ДУСЯ. Куда он? Я следом пойду. Мудрая Тортилла продолжает свое неспешное шествие в сторону Мандалы. Нам нужно соединиться с ним!

МИЛКА. Успеешь, воссоединишься еще. Петрович, иди к столу, выпьем еще. Ты же видел, какой он напуганный, не денется никуда от нас…

Петрович садится за стол, Радик разливает. Все выпивают. Петрович что-то говорит на ухо Радику, потом Милке.

ВЕЧЕР

2

Улица. Виктор Кузьмич уперся головой в стену клуба.

ВИКТОР КУЗЬМИЧ. Пойди не знаю куда, принеси не знаю что! В гостях у сказки! Передача “Очевидное — невероятное”! Связи нет, ментов нет, шофер в Дыру ушел и пропал, я набрался уже… Дела…

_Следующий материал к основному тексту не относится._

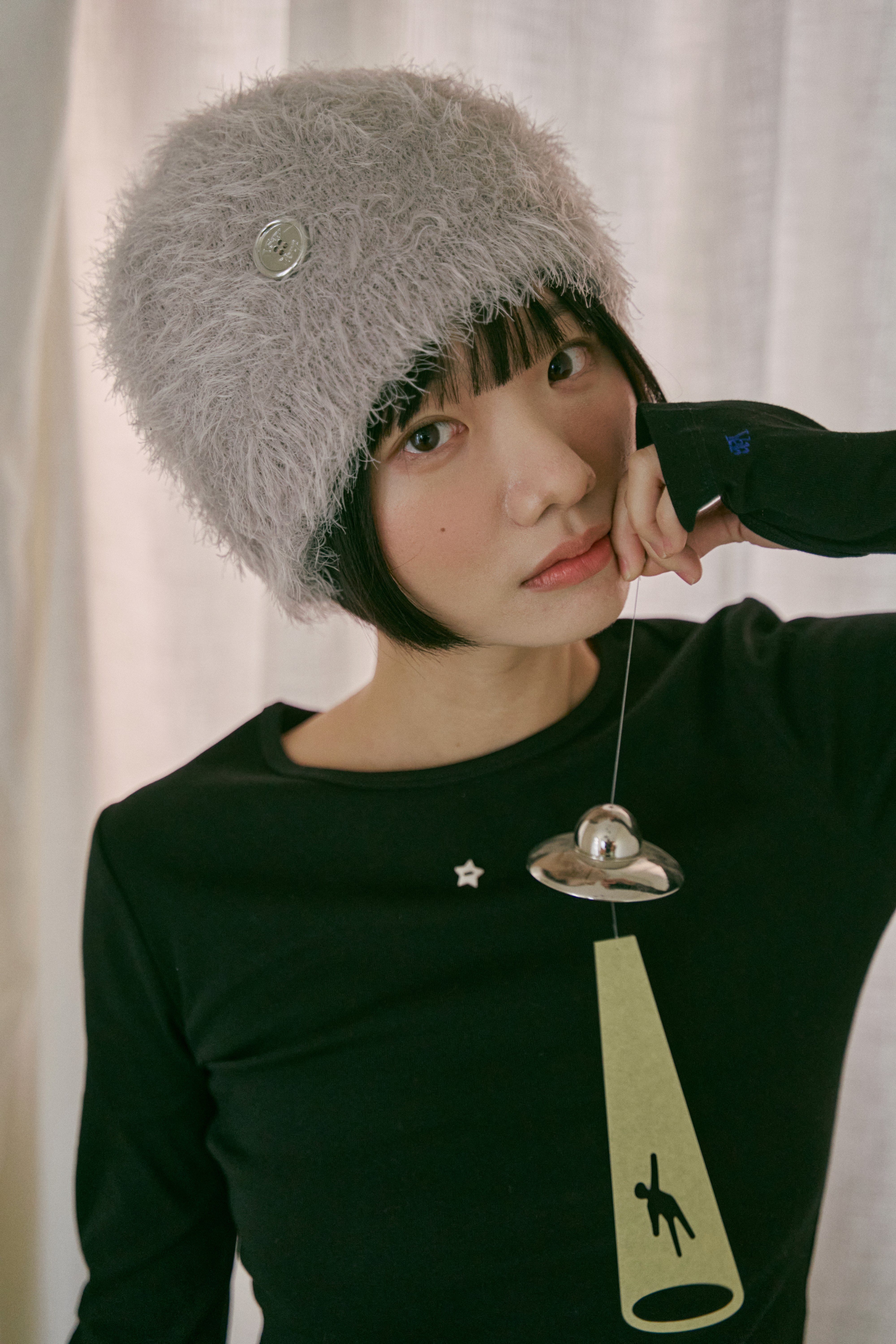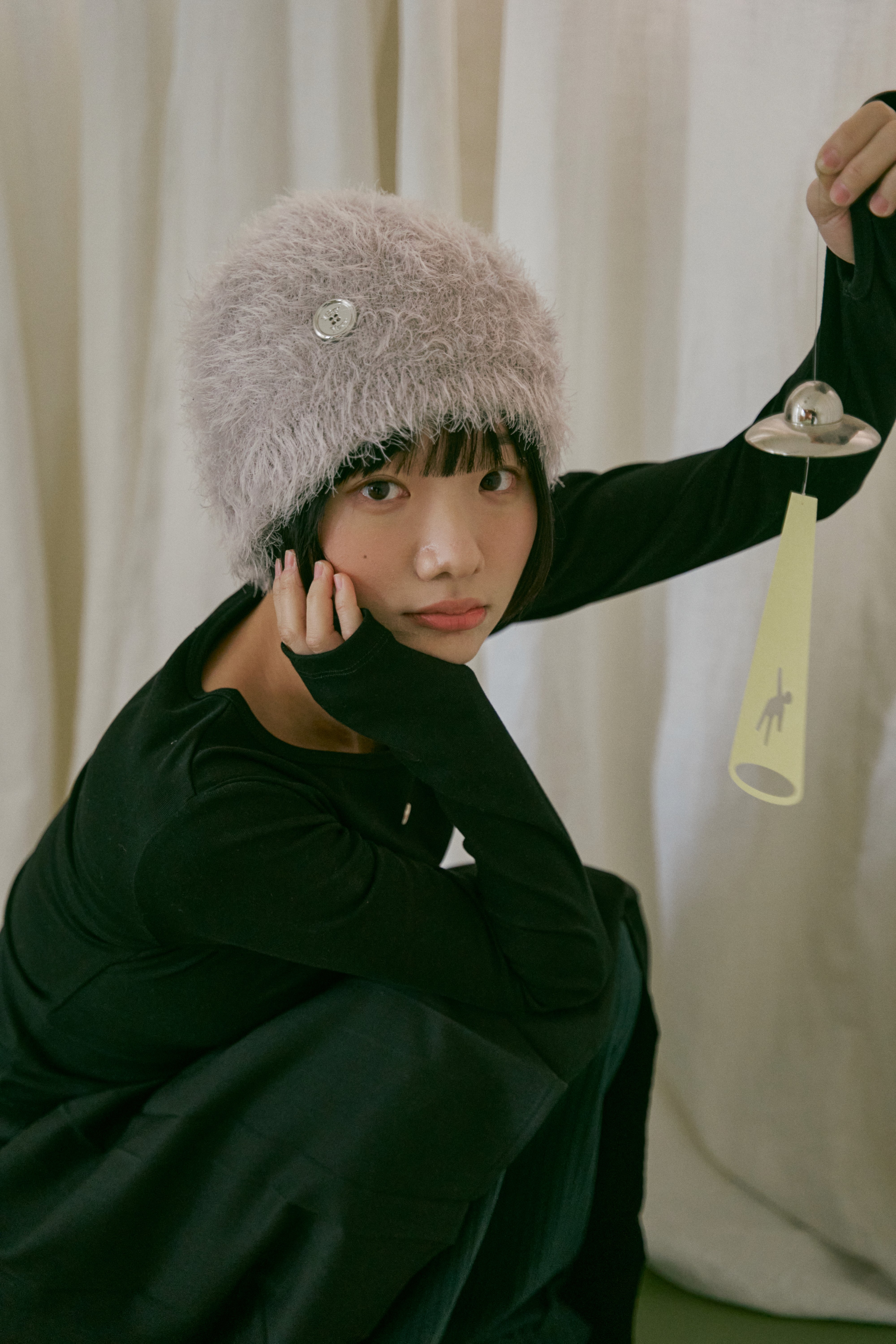 키치한 무드가 돋보이는 YERR만의 버튼 모양 심볼이 포인트인 비니입니다. 겨울에 따뜻하면서 포인트 스타일링 아이템으로 활용할 수있습니다.
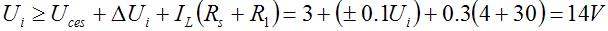 當輸入電壓最低,而輸出電壓最高時,調整管兩端電壓Uce最低,如用晶體管作放大器,則工作電壓Uce必須高于該管的飽和電壓Uces。,放大器才能正常工作。從手冊知晶體管的Uces值均小于3V。這時可用下式來計算:
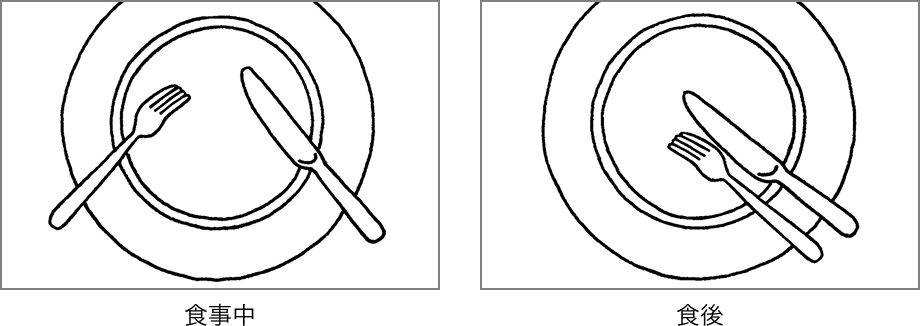 食事中はナイフ・フォークをハの字になるように置き、食べ終わったら右下にそろえて置きます。皿の上に料理が残っていても、食事を終えたサインになります。
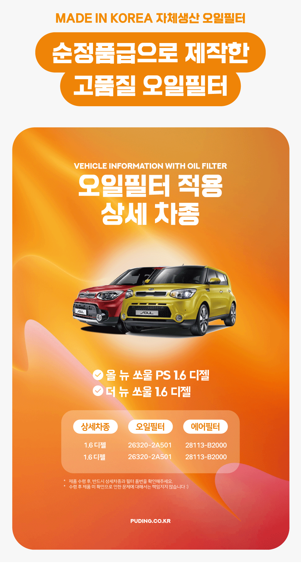 푸딩에서 고품질 오일필터를 저렴하게 교체해보세요! (MADE IN KOREA 자체생산)
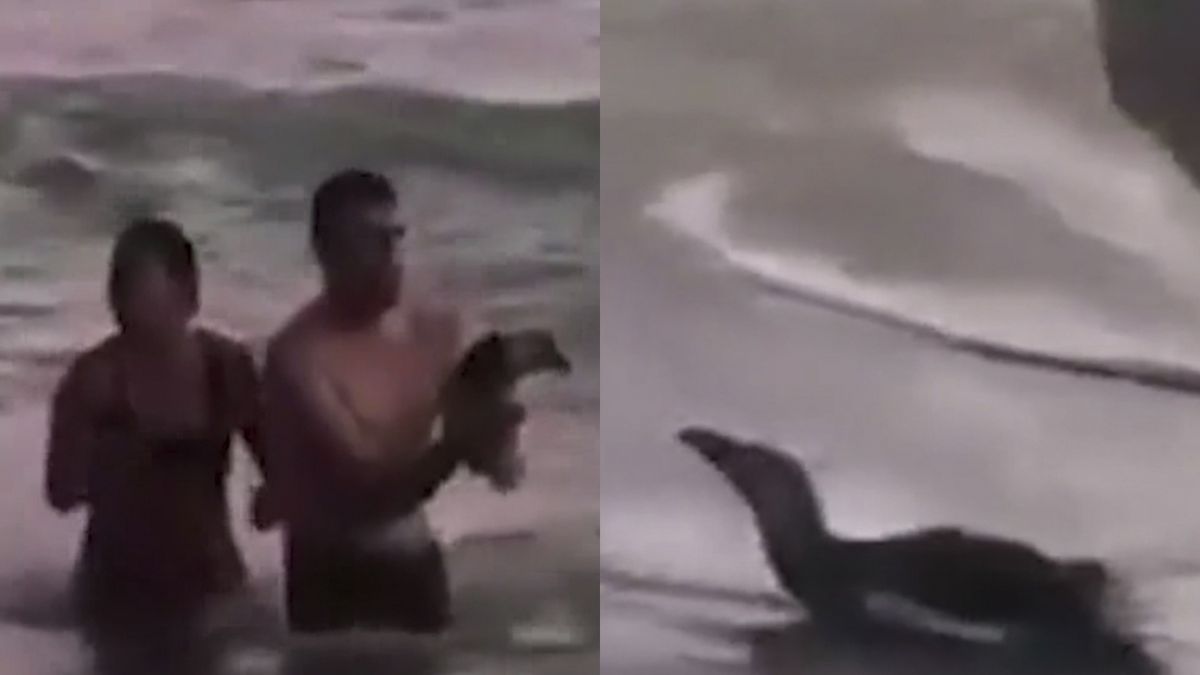 En las imágenes se puede ver al hombre luchando para agarrar al pingüino en el mar mientras era acompañado por su pareja, que se reía de la situación. Luego de unos segundos, lograron llevar a la fuerza al ave a la orilla y lo apoyaron sobre la arena.
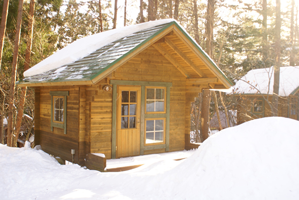 木のぬくもりが心地いい、フィンランドウッドを使用したバンガロー。布団とストーブ付きなので、初めての冬キャンプにもおすすめ。
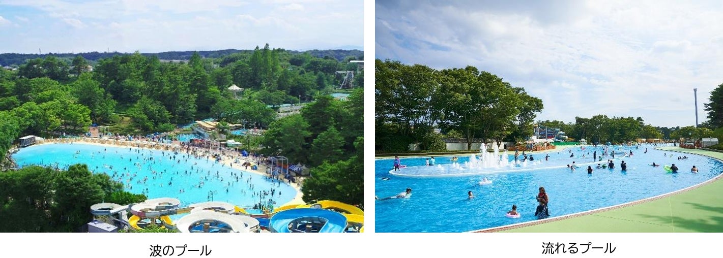 緑に囲まれた解放感あふれるプールエリアは、スプラッシュ!サマービートが行われる「波のプール」、1周500mの「流れるプール」、全6コースの「大回転!急流すべり台」(ウォータースライダー)、水深30cmの小さなお子さま向け「こどもプール」、温水の「おふねのプール」と5つのプールが体験できます。

К Виктору Кузьмичу подходит мужчина. У него длинные волосы, на голове тесемка. Одет в яркую куртку, рваные джинсы и кеды, за спиной большой рюкзак, в углу рта папироса. Мужчина молча встает рядом, расстегивает ширинку, справляет нужду, улыбается.

МУЖЧИНА. Хорошо в Россия. Привет! Марсел!

ВИКТОР КУЗЬМИЧ. Ты-то еще кто?! Тоже из Дыры пришел? Мандалу ищешь?

МАРСЕЛ. Дыра хорошо! Папироса пых-пых хорошо! Россия хорошо!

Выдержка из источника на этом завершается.